- Developers: Cyclone Studios Unexpected Development (PS, SS, Windows)
- Publishers: Studio 3DO (3DO); Acclaim Entertainment (PS, SS, Windows);
- Platforms: PC, PlayStation, Saturn, 3DO
- Release: 3DONA: 1996; ; Sega SaturnNA: July 1997; ; WindowsNA: June 1997; PAL: January 1, 1997; ; PlayStationNA: July 3, 1997; PAL: August 1, 1997; ;
- Genre: Sports
- Modes: Single-player, multiplayer

= BattleSport =

1996 video game

BattleSport is a 1996 futuristic sports video game developed by Cyclone Studios. It was originally published by Studio 3DO (the software division of The 3DO Company) for the 3DO Interactive Multiplayer in 1996. After the 3DO was discontinued BattleSport was published for other systems by Acclaim Entertainment. It was released for Windows and PlayStation, Sega Saturn, and Windows in North America in July 1997, and in Europe on August 1, 1997.

==Development==
Director Evan Margolin summarized the making of the game:
We're all big action gamers here [at Cyclone Studios]. We wanted to create a fast-action, arena-based combat game and experimented with a 3D engine for it. When we got the basic engine up and running, the game was basically just about putting the ball into the goal, but when we started playing more, we found that people really want an opportunity to blast each other. One of the most difficult parts of design was getting a 3D engine with which we were satisfied. We didn't want to sacrifice speed, we wanted the game to be fast, and those were things we weren't willing to compromise on.

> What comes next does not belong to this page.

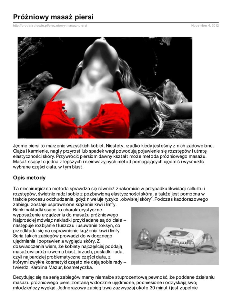 Próżniowy masaż piersi http://urodaiz drowie.pl/proz niowy- masaz - piersi November 4, 2012 Jędrne piersi to marzenie wszystkich kobiet. Niestety, rzadko kiedy jesteśmy z nich zadowolone. Ciąża i karmienie, nagły przyrost lub spadek wagi powodują pojawienie się rozstępów i utratę elastyczności skóry. Przywrócić piersiom dawny kształt może metoda próżniowego masażu. Masaż ssący to jedna z lepszych i nieinwazyjnych metod pomagających ujędrnić i wysmuklić wybrane części ciała, w tym biust. Opis metody Ta niechirurgiczna metoda sprawdza się również znakomicie w przypadku likwidacji cellulitu i rozstępów, świetnie radzi sobie z pozbawioną elastyczności skórą, a także jest pomocna w trakcie procesu odchudzania, gdyż niweluje ryzyko „obwisłej skóry”. Podczas każdorazowego zabiegu zostaje usprawnione krążenie krwi i limfy. Bańki nakładki ssące to charakterystyczne wyposażenie urządzenia do masażu próżniowego. Najprościej mówiąc nakładki przykładane są do ciała – następuje rozbijanie tłuszczu i usuwanie toksyn, co przedkłada się na usprawnienie krążenia krwi i limfy. Seria takich zabiegów prowadzi do widocznego ujędrnienia i poprawienia wyglądu skóry. Z doświadczenia wiem, że kobiety najczęściej poddają masażowi próżniowemu biust, brzuch, pośladki i uda, czyli najbardziej problematyczne części ciała, z którymi zwykłe kosmetyki często nie dają sobie rady – twierdzi Karolina Mazur, kosmetyczka. Decydując się na serię zabiegów mamy niemalże stuprocentową pewność, że poddane działaniu masażu próżniowego piersi zostaną widocznie ujędrnione, podniesione i odzyskają swój młodzieńczy wygląd. Jednorazowy zabieg trwa zazwyczaj około 30 minut i jest zupełnie młodzieńczy wygląd. Jednorazowy zabieg trwa zazwyczaj około 30 minut i jest zupełnie bezbolesny, aczkolwiek dla uzyskania najlepszych efektów należy poddać się całej serii (10-15) zabiegów, a później podtrzymywać ten efekt. Przebieg zabiegu Najlepsze efekty daje seria zabiegów wykonywanych w odstępie 1-2 dni. Długość zabiegu wynosi zazwyczaj około 30-40 minut. Przy zabiegach na biust wykwalifikowana kosmetyczka dobiera odpowiedni rozmiar nakładek i przykłada je do piersi. Urządzenia do masażu próżniowego mają zazwyczaj możliwość regulacji siły ssania, którą także ustala przeszkolona do wykonywania zabiegu osoba (najczęściej kosmetyczka). Jeżeli zabiegowi zostają poddane inne części ciała kosmetyczka przesuwa nakładki zgodnie z przebiegiem mięśni – wówczas otrzymujemy najlepsze rezultaty. Przy „rozbijaniu” cellulitu siła ssąca jest zazwyczaj dosyć wysoka by efektywnie rozbić tłuszcz, wyszczuplić uda i pośladki i pobudzić drenaż limfatyczny. Masaż próżniowy stymuluje głębokie warstwy skóry, przez co pobudza fibroblasty do zwiększonej produkcji elastyny i kolagenu. Proces ten nie tylko powoduje poprawę napięcia skóry, ale także pozwala jej zachować młody wygląd. Z kolei rozbijanie tkanki tłuszczowej powoduje wyrzeźbienie ciała, a w połączeniu z odpowiednią dietą przynosi rewelacyjne efekty odchudzające, które najlepiej widać na brzuchu, pośladkach i udach. Terapia próżniowa pozwala na efektywną walkę z cellulitem, jednakże jej długość uzależniona jest od stopnia zaawansowania „pomarańczowej skórki”. Zalety terapii próżniowej 1. usprawnienie mikrokrążenia, 2. usuwanie nagromadzonych toksyn (detoksykacja), 3. rozbijanie tłuszczu, 4. drenaż limfatyczny (usprawnione krążenie krwi i limfy, eliminacja końcowych produktów przemiany materii), 5. rzeźbienie i modelowanie ciała, 6. przywrócenie jędrności wybranym częściom ciała, 7. podniesienie i poprawa kształtu piersi, 8. pobudzenie fibroblastów do produkcji elastyny i kolagenu. Masaż próżniowy jest uznawany na świecie za jedną z najskuteczniejszych bezinwazyjnych metod likwidacji cellulitu i tkanki tłuszczowej. Masaż jest bardzo przyjemny. Nie trzeba się do niego specjalnie przygotowywać. Należy jednak pamiętać , by przed zabiegiem i po jego zakończeniu wypić ok. 0,5 litra wody, aby pomóc organizmowi za pomocą układu moczowego wydalać złogi niechcianego tłuszczu. W czasie kuracji zalecane jest przestrzeganie zasad zdrowego żywienia, lekka gimnastyka oraz wypijanie dziennie ok. 2 l niegazowanej wody mineralnej dziennie. Przeciwwskazania do zabiegu 1. nadciśnienie, 2. zapalenie żył, 3. nowotwór, 4. ciąża, 5. stany zapalne skóry, 6. mechaniczne uszkodzenia, 7. przepuklina.

Near the end of 1996, Studio 3DO stated that a version of BattleSport for the Panasonic M2 was in development.

==Reception==

GamePro gave the 3DO version a recommendation. While they said the game is harder than it should be due to slippery controls and an overabundance of powerups to flip through, they felt the strong graphics, audio, and fast-paced gameplay "make this a game worth playing." A reviewer for Next Generation gave the game an even stronger recommendation, praising the unique gameplay concept, exceptionally good polygon graphics by 3DO standards, huge variety of power-up items, and consistently smooth frame rate even in the multiplayer mode, which he was especially enthusiastic about: "As with any split-screen, having your view so vertically limited is distracting, but the sheer fun and excitement of competing in this game against another human player is incredible."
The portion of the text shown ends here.